In fact, one of the goals in the treatment of FMS
is to improve functionality along with attenuating
pain. Most probably, an in-depth analysis of patients'
characteristics in conjunction with the application
of the most appropriate treatments would result
in better outcomes. A systematic analysis showed
that despite major limitations in treatment studies, current evidence suggests the efficacy of low dose
tricyclic antidepressants, cardiovascular exercise,
cognitive behavioral therapy, and patient education.35
Goldenberg et al.35 also stated that current evidence
indicates a stepwise program emphasizing education,
certain medications, exercise, cognitive therapy, or all
four should be recommended.
There is a lack of information on the long-term
outcome of patients with FMS. In one study there were
promising results with education and exercise after 6-8
years follow-up36 while in another study only 20% of
the patients reported improvements after five years.37
In both studies, the number of patients was limited
(33 and 56 respectively). Hence, our study with a large
number of patients seen in a specialized outpatient
clinic and their long-term follow-up might support our
findings about FMS outcome.
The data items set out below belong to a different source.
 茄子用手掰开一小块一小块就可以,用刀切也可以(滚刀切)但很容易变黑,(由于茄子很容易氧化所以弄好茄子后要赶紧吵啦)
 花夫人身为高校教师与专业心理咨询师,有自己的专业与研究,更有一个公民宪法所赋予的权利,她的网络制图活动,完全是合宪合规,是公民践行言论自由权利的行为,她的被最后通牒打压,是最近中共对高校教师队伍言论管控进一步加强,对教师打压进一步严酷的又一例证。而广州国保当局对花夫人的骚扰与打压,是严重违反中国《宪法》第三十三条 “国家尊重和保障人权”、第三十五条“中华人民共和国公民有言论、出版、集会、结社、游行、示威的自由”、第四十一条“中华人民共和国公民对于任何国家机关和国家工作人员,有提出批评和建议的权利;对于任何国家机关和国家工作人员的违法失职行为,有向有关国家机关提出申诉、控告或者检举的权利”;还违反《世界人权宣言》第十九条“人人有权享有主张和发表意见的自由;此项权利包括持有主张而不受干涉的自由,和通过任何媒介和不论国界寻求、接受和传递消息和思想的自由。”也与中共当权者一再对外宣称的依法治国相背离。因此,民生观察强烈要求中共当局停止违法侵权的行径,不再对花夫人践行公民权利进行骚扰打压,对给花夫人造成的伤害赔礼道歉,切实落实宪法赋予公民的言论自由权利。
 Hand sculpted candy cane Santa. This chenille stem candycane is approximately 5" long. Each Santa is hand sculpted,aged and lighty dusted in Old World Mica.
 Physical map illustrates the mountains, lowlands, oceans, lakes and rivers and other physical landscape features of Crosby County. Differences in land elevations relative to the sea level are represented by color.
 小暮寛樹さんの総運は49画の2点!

On the other hand, a
meta-analysis showed that treating FMS in specialized
care offers no clear advantages over primary care. The
authors suggested the heterogeneity of the specialized
care studies, their low quality and short duration were
limitations.38
In conclusion, our ten year experience with the
long-term follow-up of FMS patients in a specialized
outpatient clinic showed us that FMS is a multifaceted
condition which is not easy to cope with. To
distinguish patients with FMS from patients with other
widespread pain conditions is crucial, and clinical
diagnostic decisions seem to be supported by the ACR
classification criteria since the significant difference
between these groups in our cohort were in the
tender point count and the existence of accompanying
symptoms in FMS. In our patient population the
long-term outcome is not promising although there
were some improvements in sleep and functionality.
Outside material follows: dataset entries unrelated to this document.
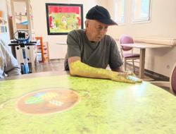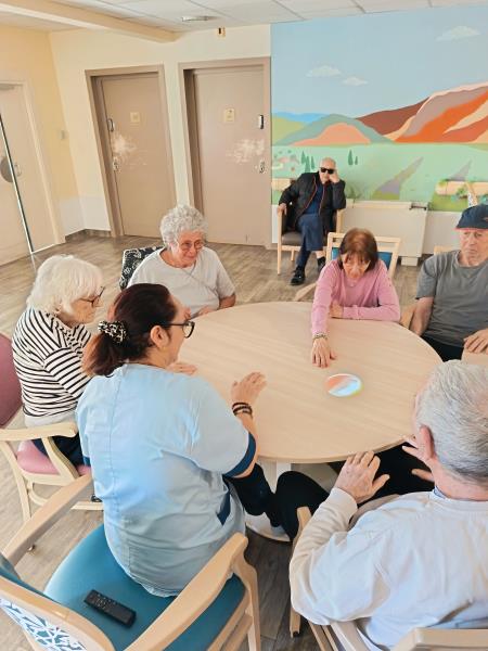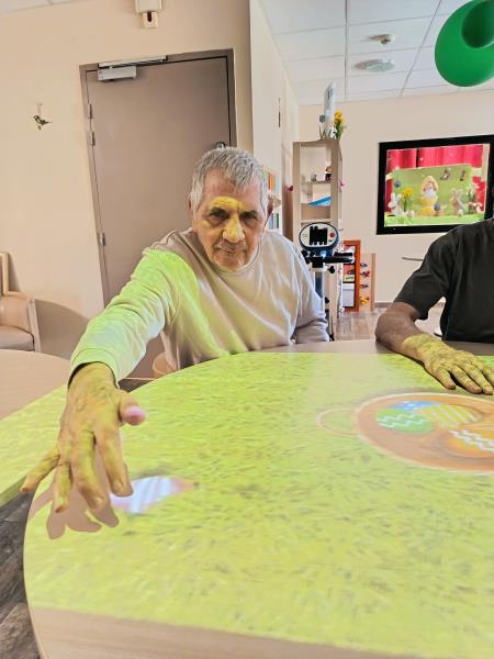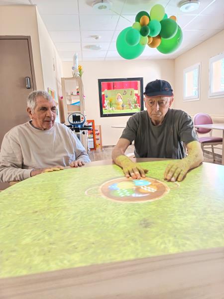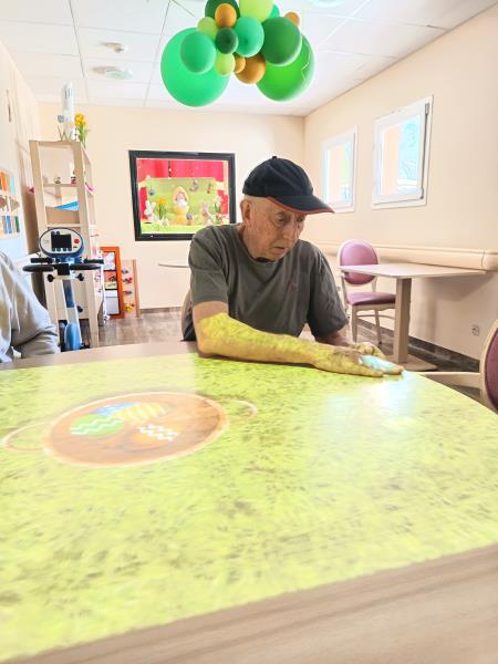 Aujourd'hui, nos résidents ont découvert (ou redécouvert) le Tovertafel, une table interactive lumineuse qui transforme de simples mouvements en jeux captivants 🤩✨
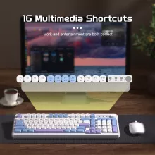 Crafted for long hours of use, the ergonomic key layout and comfortable finger movement make typing smooth and effortless. Foldable rear brackets let you choose the height that feels best, keeping your hands relaxed during long gaming or work sessions. Quick multimedia shortcuts allow you to control volume, music, and more with simple key combinations.
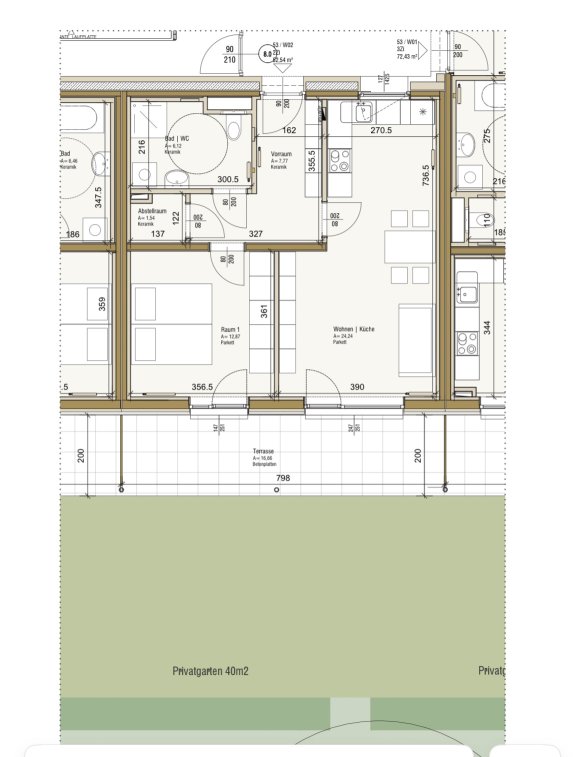 Freie Wohnung ab 01.06. im Neubau Reininghausgründe, Quartier 7 (zweigeschossiges Gebäude). Die Wohnung ist Zweizimmerwohnung, hat einen Garten von 40m2, Miete inkl. Heizung und Heizung 770 €, Strom 35 €, Kaution 3800 €. Es kommt ohne Küche, Ablöse für den Zaun, Fliesen in der Küche und evtl. ein paar Möbelstücken ca. 400 €, nach Absprache. Wir sind vor drei Jahren eingezogen, Erstbezug. Tiefgarage kann monatlich um ca. 60/70€ angemietet werden. Große Keller vorhanden.
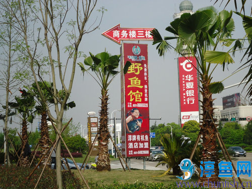 4月10日,杭州榕榕餐饮野鱼馆在机场新商务楼发布淳鱼广告。
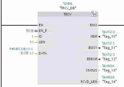 图12. 调用 TRCV 指令并配置接口参数
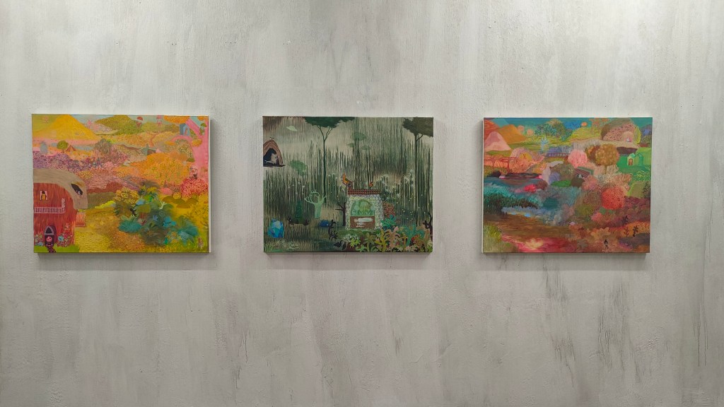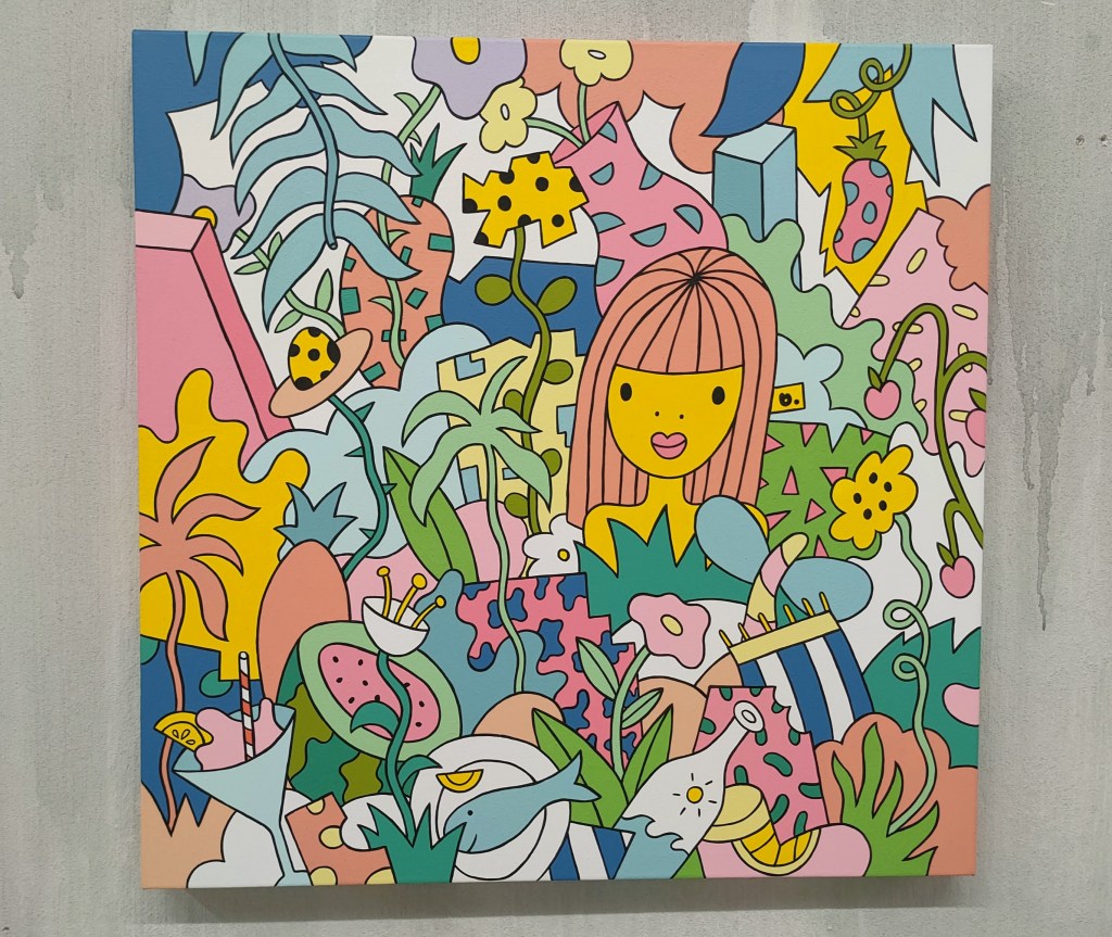 Further down in the next hall, are the works of Jackie Berridge. Her exhibition Flights of Fancy presents paintings which are a mash of inspiration from childhood memories, dreams, and traditional stories. She creates fantastical landscapes populated with beings and anthropomorphic creatures, telling tales of joy and sadness mixed with shades of darkness. Next to Berridge’s works, in an adjoining room, are the works of an artist known simply as b. The exhibition Water Memories by b., present the artist’s canvases inspired by memories of playing with water in the garden. Happiness, pastel colours, stylized forms and pop art influences are fused into the creative processes of this artist.
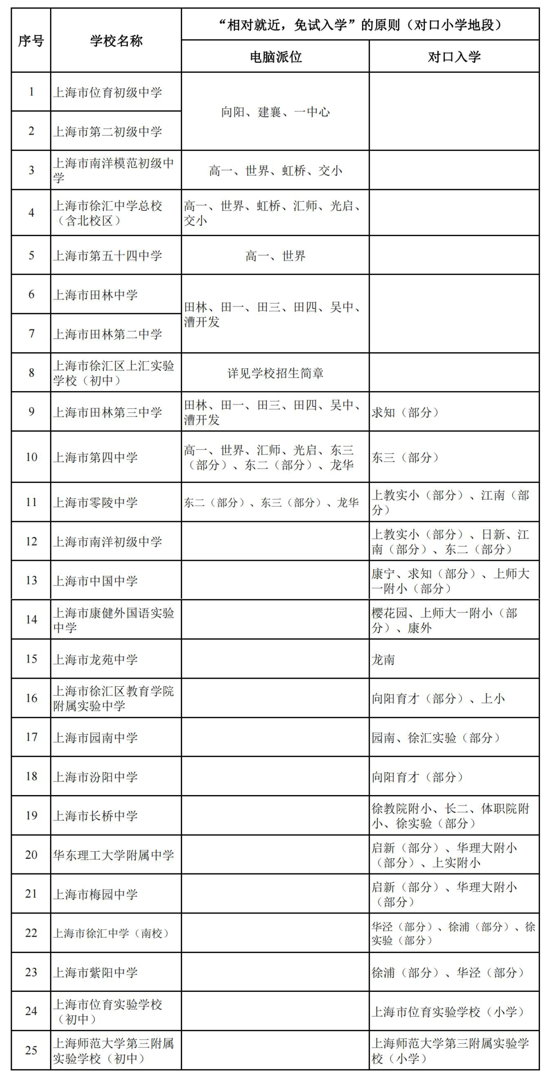 入学方式:序号1-8的入学方式为电脑派位;序号9-11的入学方式为电脑派位和对口入学相结合;序号12—23的入学方式为对口入学;序号24--25的为九年一贯制学校。对口原则:根据区内中小学设点布局的实际情况,相对就近均衡配置生源,实行部分划片电脑派位和部分对口入学相结合的初中入学办法。其他符合长宁区初中招生条件的学生,将根据登记入学人数和学校资源分布情况在区域内统筹安排入学。对口原则:公办初中学校招生采用相对就近小学对口或“电脑派位”等方法,小学毕业生免试入学。公办寄宿制学校(上海市回民中学除外)限在本区范围内招生。对口原则:公办初中采取小学对口、“电脑派位”等方式安排学生入学。

In our opinion, it is essential to evaluate every patient
with FMS individually according to predominant
clinical feature in order to apply the best treatment
since it is a disorder with various clinical signs and
symptoms. Subgrouping the patients may be beneficial
for treatment and long-term follow-up is necessary in
order to ensure outcomes.
Declaration of conflicting interests
The authors declared no conflicts of interest with
respect to the authorship and/or publication of this
article.
Funding
The authors received no financial support for the
research and/or authorship of this article.